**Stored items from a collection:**
════════════════

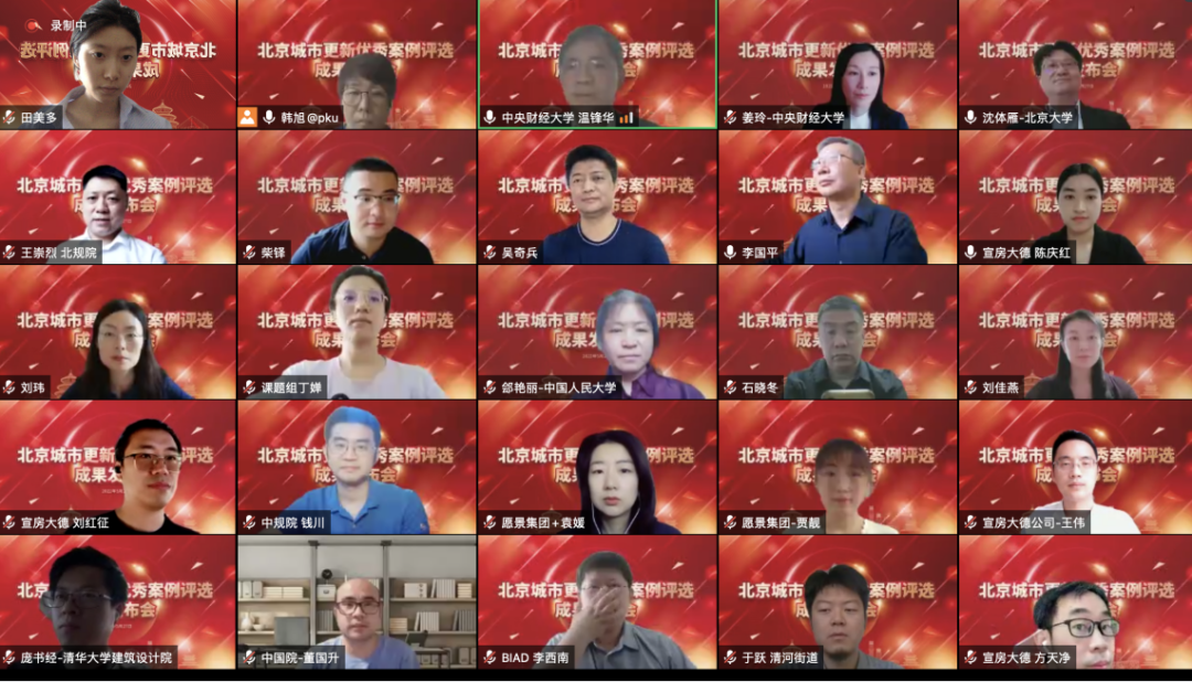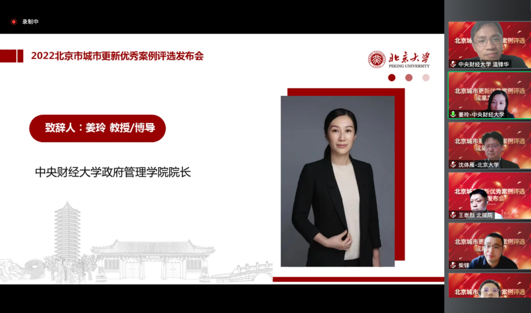 2022年5月27日上午,beat365vip官网院长姜玲教授出席“2022年首都城市更新优秀案例”评选结果发布会暨案例研讨会并致辞。本次会议由北京大学首都发展研究院和中国城市科学研究会城市转型与创新研究专业委员会共同举办,采用线上的形式,邀请了北京大学首都发展研究院、清华大学建筑学院、中国人民大学公共管理学院及beat365vip官网登录入口等8家单位的领导、专家、案例参选单位代表及媒体单位代表共约50余人参加。
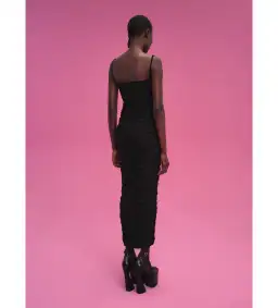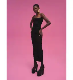 Solace London Adler Ruched Black Midi Dress Size AU 8 /US 4
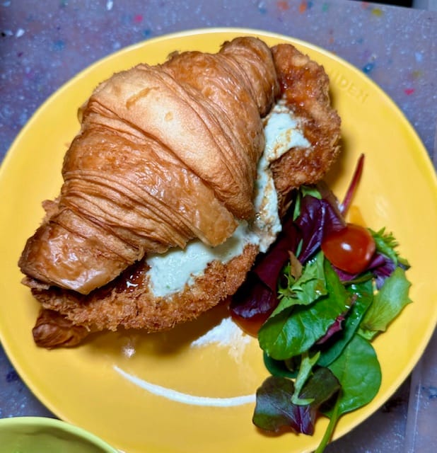But let's get to the Croissando. We had the Hiden Signature—breaded chicken katsu, homemade tartare sauce, and Japanese brown sauce, sandwiched between a surprisingly large, buttery croissant with a small side salad.
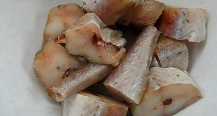 1. Очищену і митий рибу складаємо в глибоку термостійку посудину, зверху кидаємо сіль (приблизно половину чайної ложки), перець і лаврушку. Все заливаємо водою і ставимо на варильну поверхню. Після того як рідина закипить, з його поверхні знімаємо пінку, закриваємо і відварюємо рибу протягом чверті години.
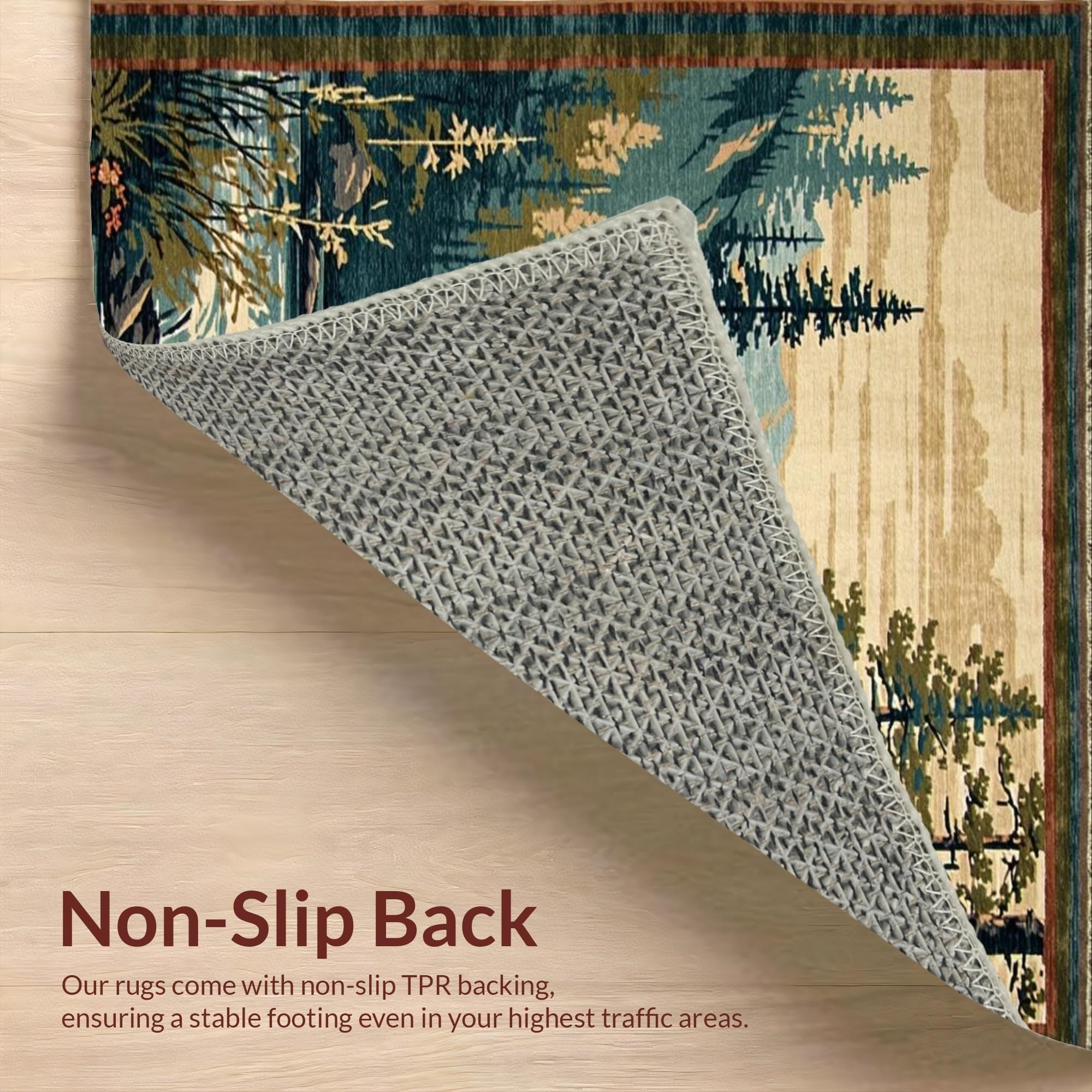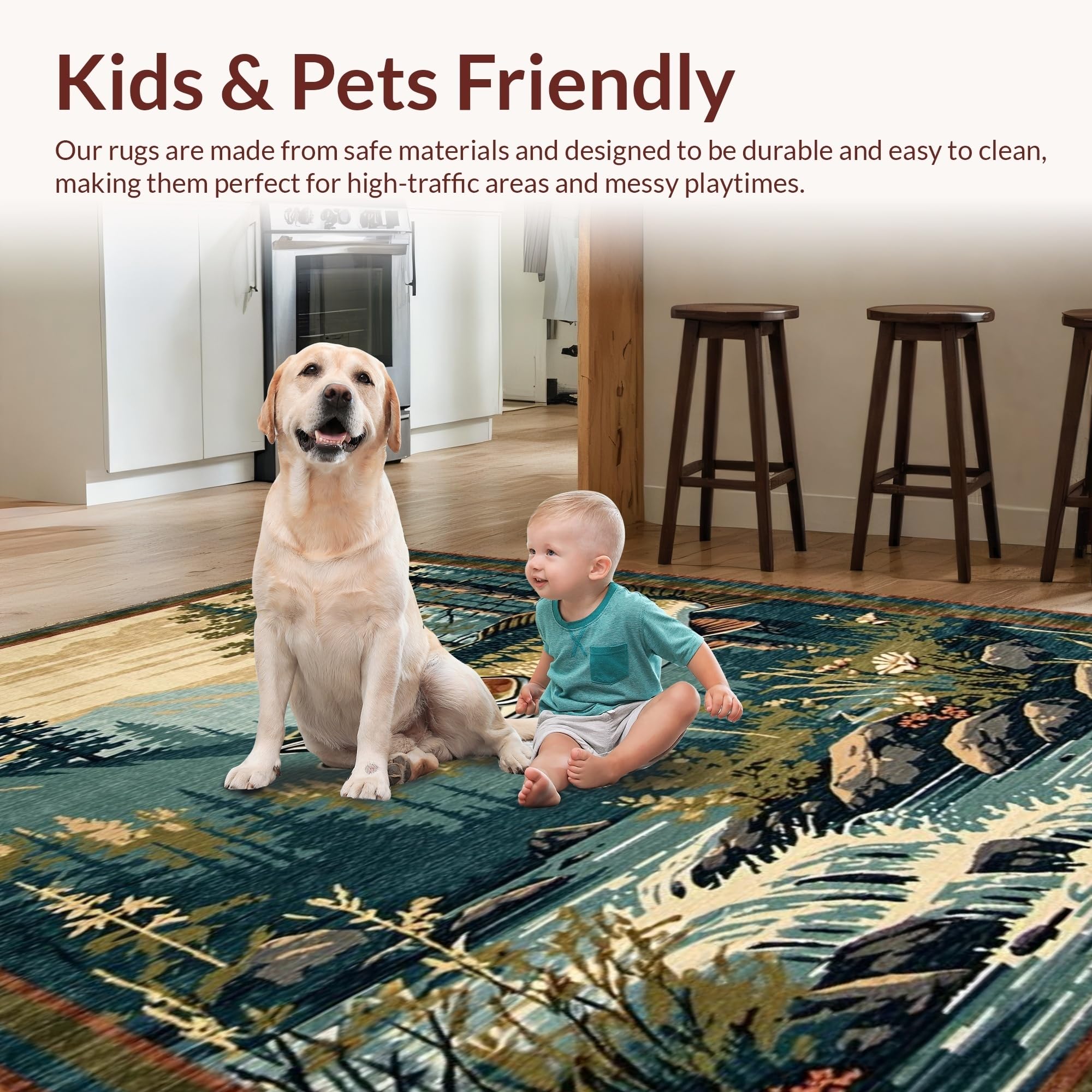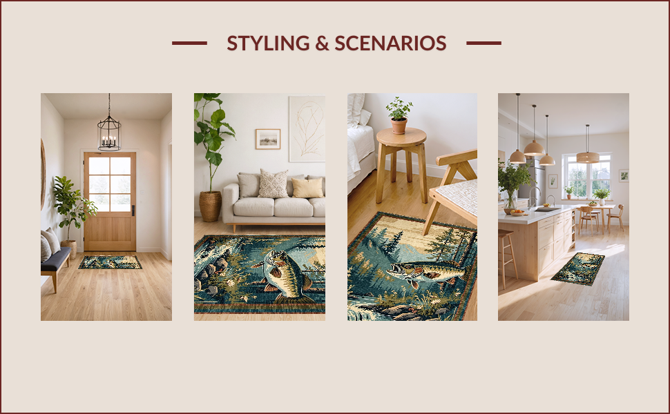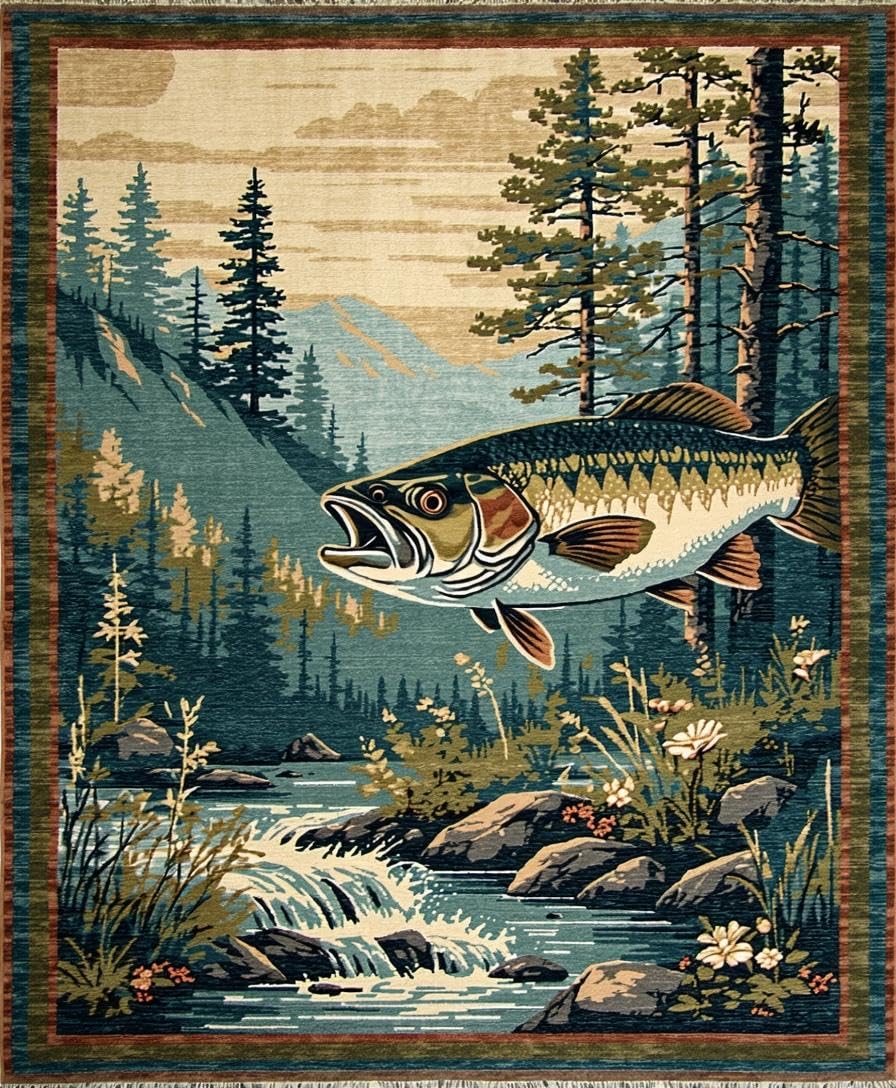 Ultra Soft Area Rug, Non Slip, Stain Resistant, Washable Area Rugs for Living Room, Bedroom, Vibrant Wildlife Scene with Bass(Brown) Overview:

════════════════

Copy the lines exactly as they appear from the opening of the entries above through the line with "1. Очищену і", excluding all pictures.

 2022年5月27日上午,beat365vip官网院长姜玲教授出席“2022年首都城市更新优秀案例”评选结果发布会暨案例研讨会并致辞。本次会议由北京大学首都发展研究院和中国城市科学研究会城市转型与创新研究专业委员会共同举办,采用线上的形式,邀请了北京大学首都发展研究院、清华大学建筑学院、中国人民大学公共管理学院及beat365vip官网登录入口等8家单位的领导、专家、案例参选单位代表及媒体单位代表共约50余人参加。
 Solace London Adler Ruched Black Midi Dress Size AU 8 /US 4
But let's get to the Croissando. We had the Hiden Signature—breaded chicken katsu, homemade tartare sauce, and Japanese brown sauce, sandwiched between a surprisingly large, buttery croissant with a small side salad.
 1. Очищену і митий рибу складаємо в глибоку термостійку посудину, зверху кидаємо сіль (приблизно половину чайної ложки), перець і лаврушку. Все заливаємо водою і ставимо на варильну поверхню. Після того як рідина закипить, з його поверхні знімаємо пінку, закриваємо і відварюємо рибу протягом чверті години.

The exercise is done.